The right of the plaintiffs to sue Barnhardt is based upon their allegation that Kiser “released his interest” in the automobile to the plaintiff Finance; that it paid the deductible portion (but did not name the payee) “whereupon Security paid Finance $335.79 for damages to the said 1956 Chevrolet automobile.” For the insurer to become subrogated to any right of action which the insured may have against the third party, the payment must be to the insured under the policy. Finance was not an insured under the policy and the complaint does not allege any loss payable clause to it. Further, we assume, as a matter of mathematics, that Finance paid somebody $50.00 and that the insurance company paid the remainder of the alleged loss $335.79. There is no allegation that Kiser’s claim was assigned to either of the plaintiffs.

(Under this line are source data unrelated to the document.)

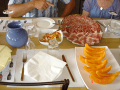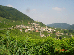 Nach Beendigung des Firmenrundganges erwartete uns der erste kulinarische Hochgenuss unserer Reise: es wurde als Vorspeise Tagliolini al San Daniele (ganz dünne Bandnudeln mit Sahne und Prosciutto, mit Mohn bestreut) serviert, dazu Wasser aber auch Weiß- und Rotwein. Dessen nicht genug wurde danach eine Riesenportion Prosciutto San Daniele mit Tomaten, Mozarella und Ruccolasalat kredenzt. Mit vollgeschlagenen Bäuchen hatten wir im Anschluss die Gelegenheit, uns mit Produkten der Firma Morgante einzudecken. Zum Abschluss bedankte sich Reiseführer Erich im Namen unserer Reisegesellschaft für die hervorragende Führung und ausgezeichnete Bewirtung und verewigte uns mit einem Edelweiß-Abziehbild mit entsprechendem Dankestext im Besucherbuch des Schinkenherstellers Morgante. Weiter ging die Fahrt in das Proseccogebiet nach Valdobbiadene zum renommierten Weingut Ca`Salina. Durch eine wunderschöne hügelige Landschaft, wo jeder verfügbare Meter des Bodens mit Weinreben bepflanzt ist, auf enger, kurvenreicher Straße, pilotierte uns Kurt sicher auf den Hügel zum Weingut, wo wir bereits erwartet wurden. Der Firmeninhaber Gregorio Bortolin persönlich begrüßte uns mit der für Italien typischen Herzlichkeit und geleitete uns in das Herzstück der Weinerzeugung, den Keller.
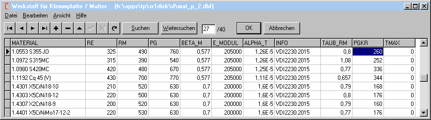 In den Werkstoffdatenbanken für Klemmplatten gibt es jetzt zwei zusätzliche Felder: PGKR mit der zulässigen Flächenpressung, bei welcher kein Kriechen auftritt sowie TMAX mit der zulässigen Arbeitstemperatur. Wo keine Daten vorliegen, ist für pGkr = Rp0.2 * 0,8 (80% Streckgrenze) gesetzt. Bei Überschreitung der zulässigen Arbeitstemperatur TMAX (falls TMAX>0) wird eine Fehlermeldung angezeigt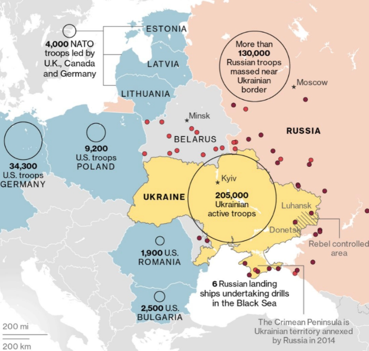 때문에 푸틴은 나토 가입을 하면 우크라이나를 죽이겠다고 강력하게 협박하며 러시아군을 우크라이나 국경선에 전진배치.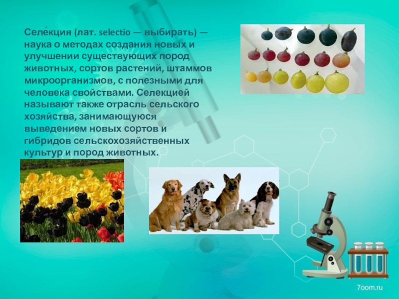 Слайд 8Селе́кция (лат. selectio — выбирать) — наука о методах создания новых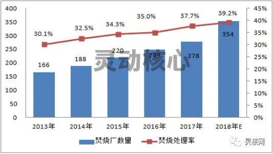 隨著國內垃圾焚燒發(fā)電技術不斷提升,通過直接焚燒處理,對工業(yè)垃圾減量化效果明顯,目前國內已有一批專業(yè)的從事建設、投資及運維的固廢焚燒企業(yè),工業(yè)垃圾發(fā)電也悄然興起。 據(jù)靈動核心產業(yè)研究中心發(fā)布的《2019-2024年中國垃圾焚燒發(fā)電行業(yè)現(xiàn)狀深度分析及前景投資分析報告》數(shù)據(jù)顯示,2018年新投入運行的生活垃圾焚燒廠超過70座,在建項目166座,擬建項目201座。2017年,我國城市生活垃圾焚燒處理量已達到7589萬噸,同比增長2.9%;此外,焚燒垃圾場數(shù)量從2010年的104座增加至2018年的354座,焚燒處理率由2010年的18.8%提高至39.2%。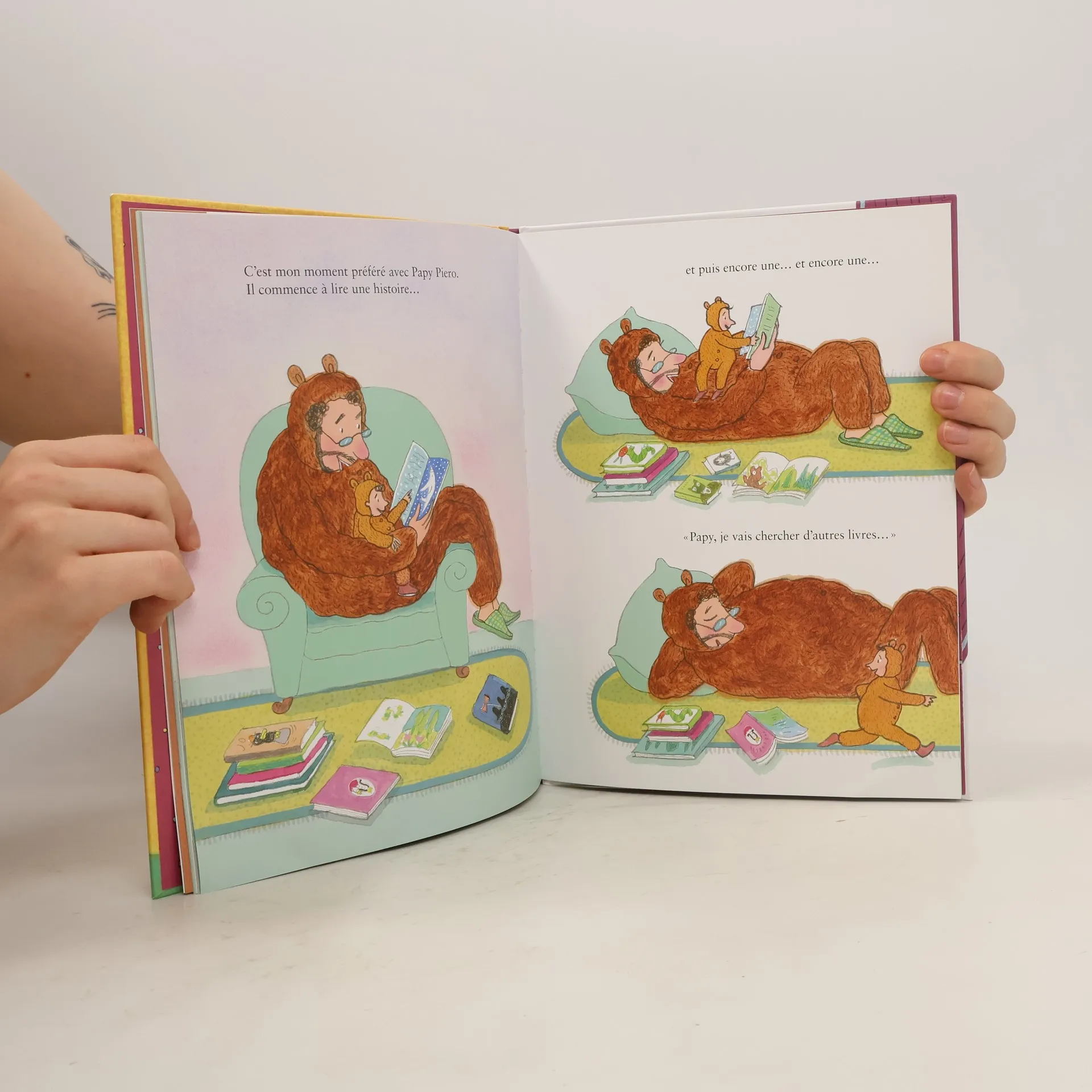 "Aujourd'hui, c'est Papy Piero qui va chercher Léo à l'école. Ils retournent ainsi chez ce dernier sur son vélo de course et, tandis que Mamie se rend à son cours de danse, ils passent la soirée à s'amuser en jouant les chevaliers, le chat et la souris, le pilote d'avion et les gymnastes blessés grâce aux multiples costumes du grand-père. Au moment de manger, il se déguise même en lapin et en singe pour inciter le garçon à avaler ses légumes et ses fruits. De plus, l'éléphant célèbre l'heure du bain et l'ours, celui des histoires et du coucher, mais Papy pourrait bien se mettre à ronfler avant le petit Léo!"--SDM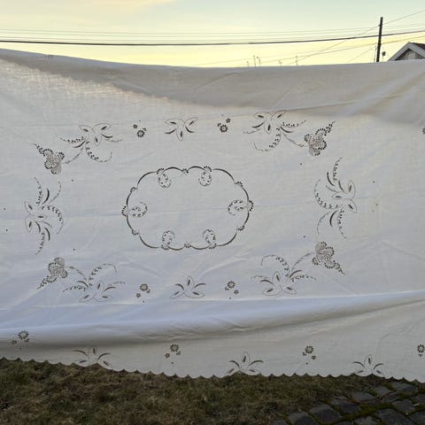 Flott gammel duk i creme, lys gul farge. Innvevet mønster og hulleffekt. Måler ca 120x115 cm. Ingen hull, men noen få svake småprikker har det med alderen blitt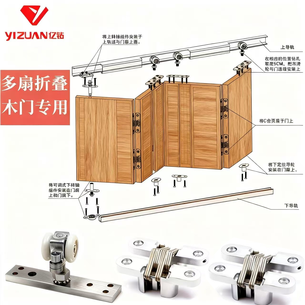 折り畳みドア金物部品セット木門シフトドア軌道屏風遮断ドアプーリー自在吊り輪十字ヒンジ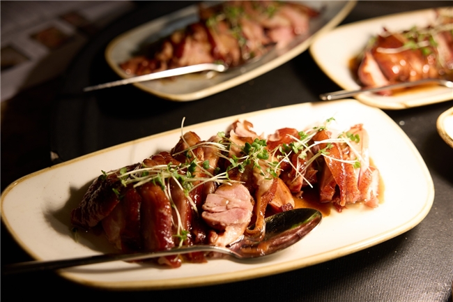 在品鉴过程中,山水餐厅厨师团队精心准备的菜品与飞天茅台的香气实现了巧妙融合。嘉宾们一边品尝菜肴,一边感受酒体在口腔中的多维变化。从初口的细腻酱香,到中段粮香、坚果香的交织,再到末段干净利落的回甘,每一层次都带来不同体验。许多嘉宾在交流中谈到茅台酒“越品越醇、越细越长”的特点,不少外国来宾尤其对其独特的香气结构和细腻口感表示惊喜,称其为“极具东方文化韵味的味觉体验”。在深度体验的基础上,嘉宾们对产品的兴趣显著增强,不少在现场即刻表示出采购意欲。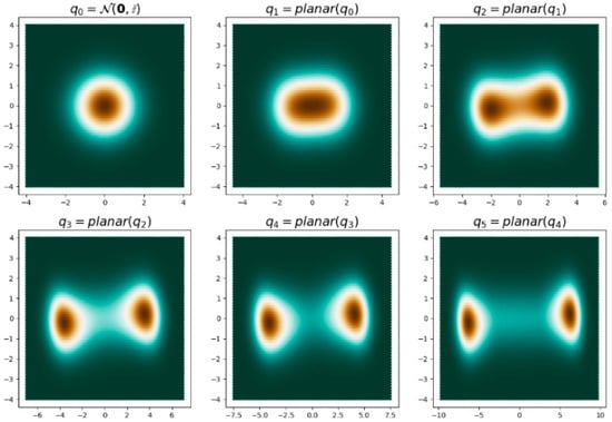Figure 3 shows the changes in the data distribution for the Planar flow. From Figure 3 we can see that by the action of the Planar flow, the single-peaked Gaussian distribution is transformed into the complex multi-peaked distribution.
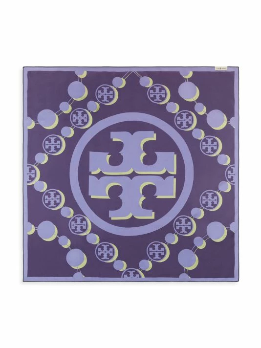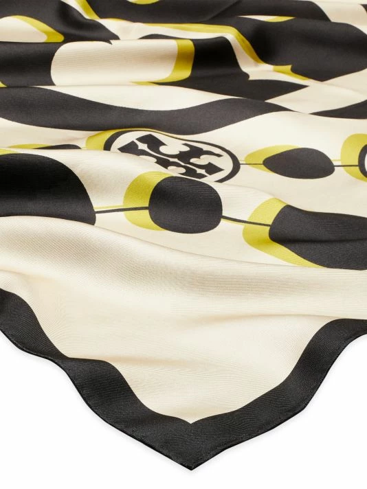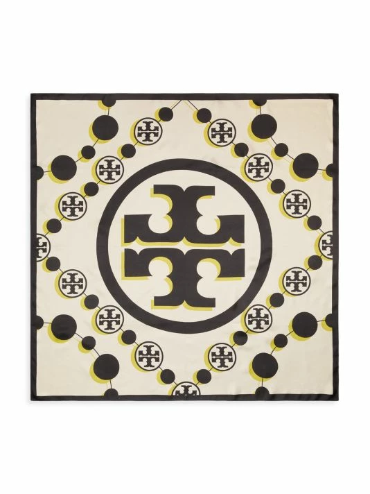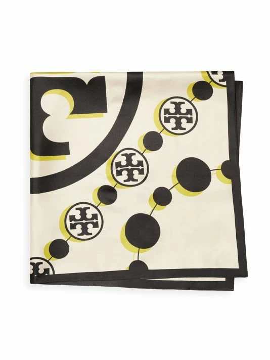 Tory Burch’s monogram scarf is an artistic and graphic interpretation crafted of silk twill. The contrasting colors create an optical 3D effect.

*304The law applicable to a case of this type may be summarized as follows:
(1) A single and indivisible cause of action arises against the tort-feasor for the total amount of the loss. Insurance Co. v. Motor Lines, 225 N.C. 588, 35 S.E. 2d 879.
(2) The insurance company can become subrogated to the rights of the insured against the tort-feasor only when it pays the insured, not some third party. Insurance Co. v. Railroad, 193 N.C. 404, 137 S.E. 309.
(3) The insurance company becomes a necessary party plaintiff and must sue in its own name to enforce its right of subrogation where it has paid the insured the loss in full. Insurance Co. v. Lumber Co., 186 N.C. 269, 119 S.E. 362.
(4) The insured is a necessary party plaintiff where the insurance company has paid only a portion of the loss. Powell v. Water Co., 171 N.C. 290, 88 S.E. 426.
The above statements are summarized in a different fashion and more fully by Ervin, J., in Burgess v. Trevathan, 236 N.C. 157, 72 S.E. 2d 231.
The action of the lower court in sustaining the demurrer is
Affirmed.
Moore, J., not sitting.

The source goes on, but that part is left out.